Арестовали меня органы правопорядка, пытали они же — правоохранители. С другой стороны был мой правозащитник. Удивительно, сколько людей охраняют и защищают мои права, спорят о них, и получают за это деньги, в то время как я уже полтора года ограничен в свободах и жду огромного срока в колонии строгого режима.
В суде начались прения. Я пришёл пораньше, в зале пока были только адвокаты. Вошёл прокурор — судя по документам, «заместитель прокурора г. Набережные Челны, советник юстиции О. Е. Ульянченко». Сел за стол, улыбнулся и спросил адвокатов: «Ну как, готовы? Никто не хочет целиком вину признать?». Сразу несколько человек ответили что-то в духе: «Шутите, признавать группу?», а адвокат Артура задала встречный вопрос:
— Вы не думаете, что обвинение им предъявлено слишком жестко, ведь очевидно, что организованной группы здесь нет? Вы сами верите, что молодых ребят может исправить большой срок в российской тюрьме?
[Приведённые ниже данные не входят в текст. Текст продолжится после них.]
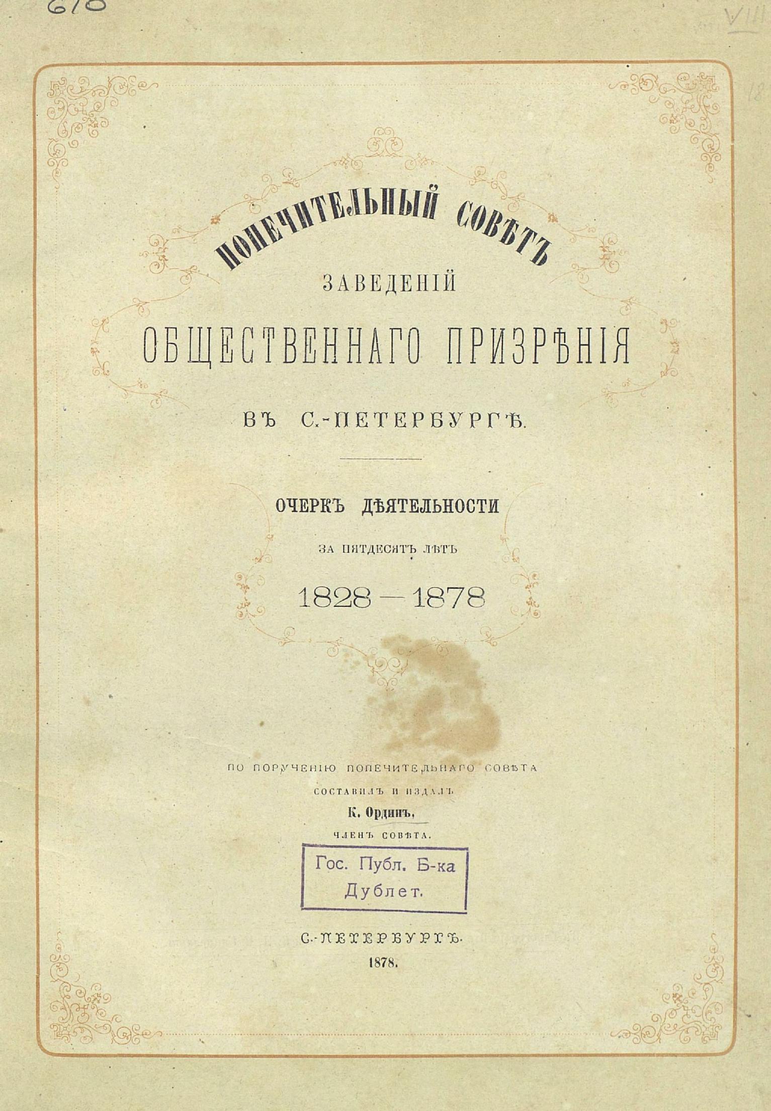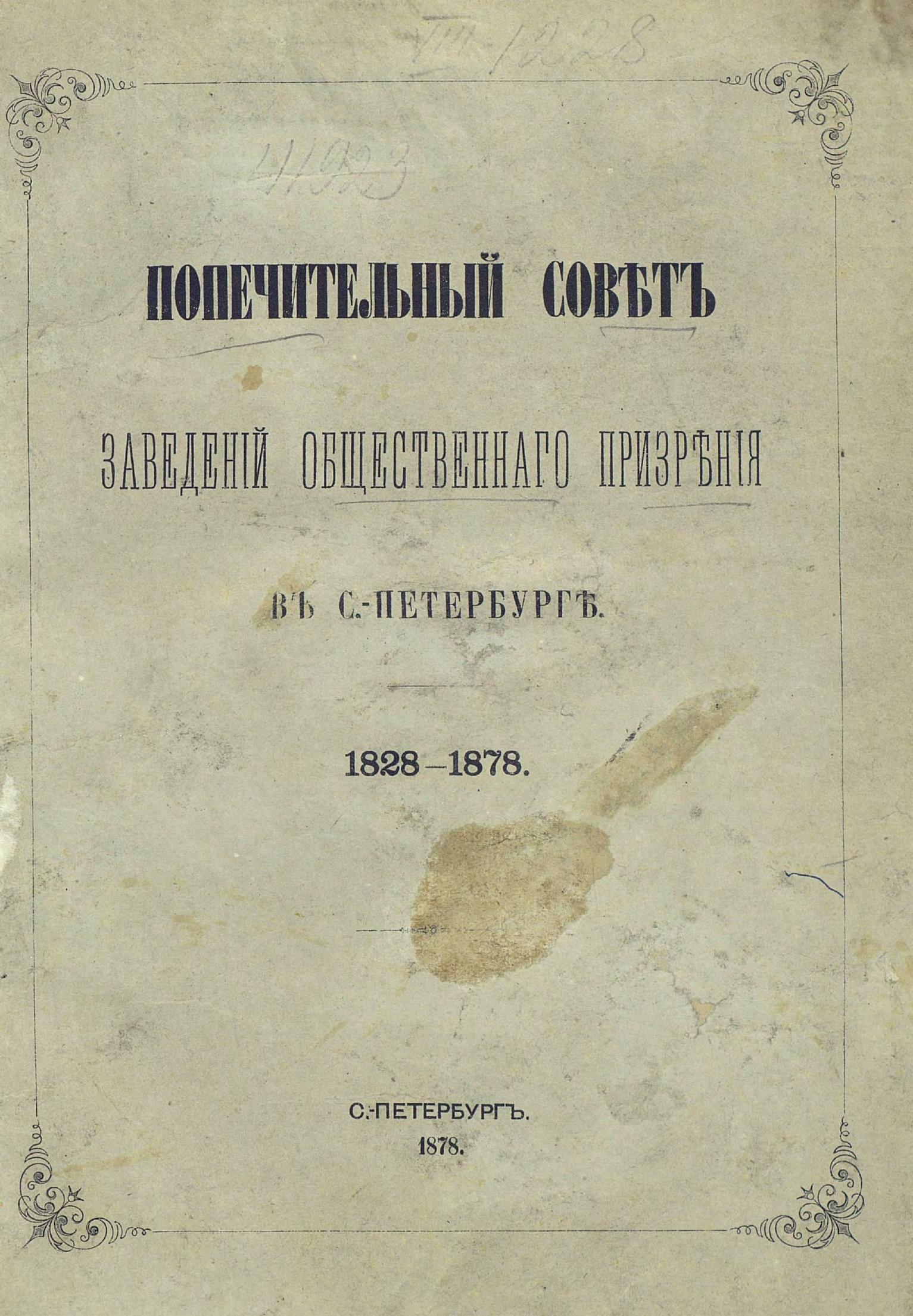 Попечительный Совет заведений общественного призрения в С.-Петербурге : Очерк деятельности за пятьдесят лет: 1828-1878

— Ну, сами же всё понимаете, надо сажать, работать же надо как-то, — прокурор продолжал улыбаться. — Ну, не стреляют если, что поделать! Мы любим 228-ю статью. Как и 210-ю.
Ненадолго наступила тишина. Улыбающийся прокурор был первым человеком за полтора года, к которому я испытал отвращение. Я четко понял, что правоохранительная и судебная структура — это большой бизнес со своими правилами и порядками. Наркоманы являются основой этого бизнеса, прокурор это подтверждает. И этот человек обвиняет меня в «причинении вреда общественной нравственности».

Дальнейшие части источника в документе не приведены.